Domain 1B: Data Transformation & ETL
Data Transformation & ETL
Exam Domain: 1 — Data Engineering (20%) Task: Transform and prepare data for ML workloads
ETL vs ELT — First Principles
Why transform data at all?
ELI5: Raw data is like ingredients from the grocery store — you can’t serve them directly. Tomatoes have stems, meat has bones, flour is unmeasured. ML algorithms are picky chefs: they only accept clean, numeric, normalized “meals.” Transformation is the cooking step that turns raw ingredients into something the model can consume.
Raw problems in real data:
✗ Missing values (NULL, NaN, empty string)
✗ Wrong types (date stored as string "01/02/24")
✗ Inconsistent units (km vs miles, USD vs EUR)
✗ Duplicates (same customer row 3 times)
✗ Outliers (age = 999, salary = -1)
✗ Categorical text (must become numbers for most algorithms)
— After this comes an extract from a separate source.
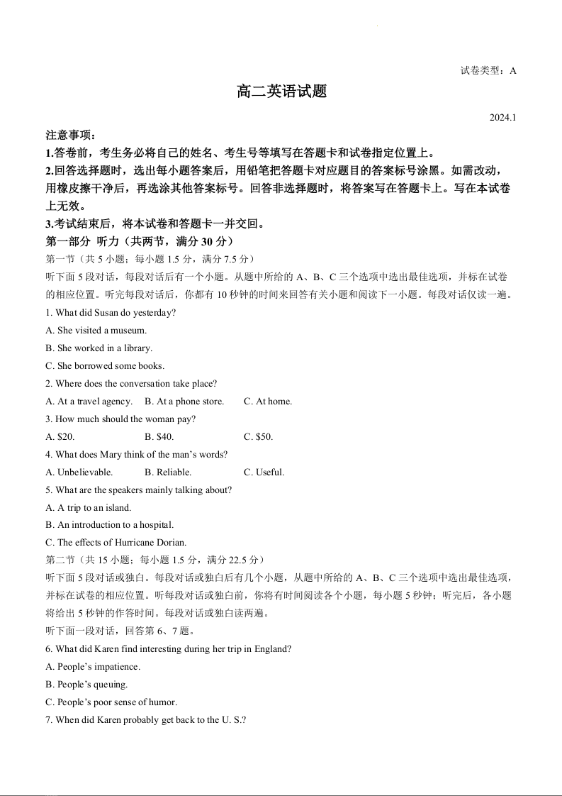 山东省滨州市2023-2024学年高二上学期1月期末考试英语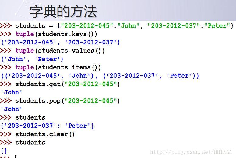 print ('方案三 使用set作为dict的值 值不允许重复')

✗ Different scales (income 0–200,000 vs age 0–100)
ETL vs ELT
┌─────────────────────────────────────────────────────────────┐
│ ETL — Extract, Transform, Load │
│ │
│ Source → [Extract] → [Transform on separate engine] → │
│ [Load clean data into target] │
│ │
│ Transform happens BEFORE landing in destination │
│ Good when: destination is a rigid warehouse (Redshift) │
│ Example: Glue ETL writes clean Parquet to S3 │
└─────────────────────────────────────────────────────────────┘
┌─────────────────────────────────────────────────────────────┐
│ ELT — Extract, Load, Transform │
│ │
│ Source → [Extract] → [Load raw into data lake] → │
│ [Transform inside destination with SQL] │
│ │
│ Transform happens INSIDE the destination │
│ Good when: destination is powerful enough (Redshift, EMR) │
│ Example: raw JSON lands in S3, Athena + dbt transforms it │
└─────────────────────────────────────────────────────────────┘
| Factor | ETL | ELT |
|---|---|---|
| When to transform | Before load | After load |
| Raw data stored? | No | Yes |
| Schema flexibility | Lower | Higher |
| Destination power needed | Low | High |
| Reprocessing raw? | Hard | Easy (raw still there) |
| AWS example | Glue Job → S3 | S3 raw → Athena SQL |
When ETL wins: Strict compliance — raw data must never land in the destination. Destination is a rigid system (relational DB, Redshift). Clean data needed before any downstream access.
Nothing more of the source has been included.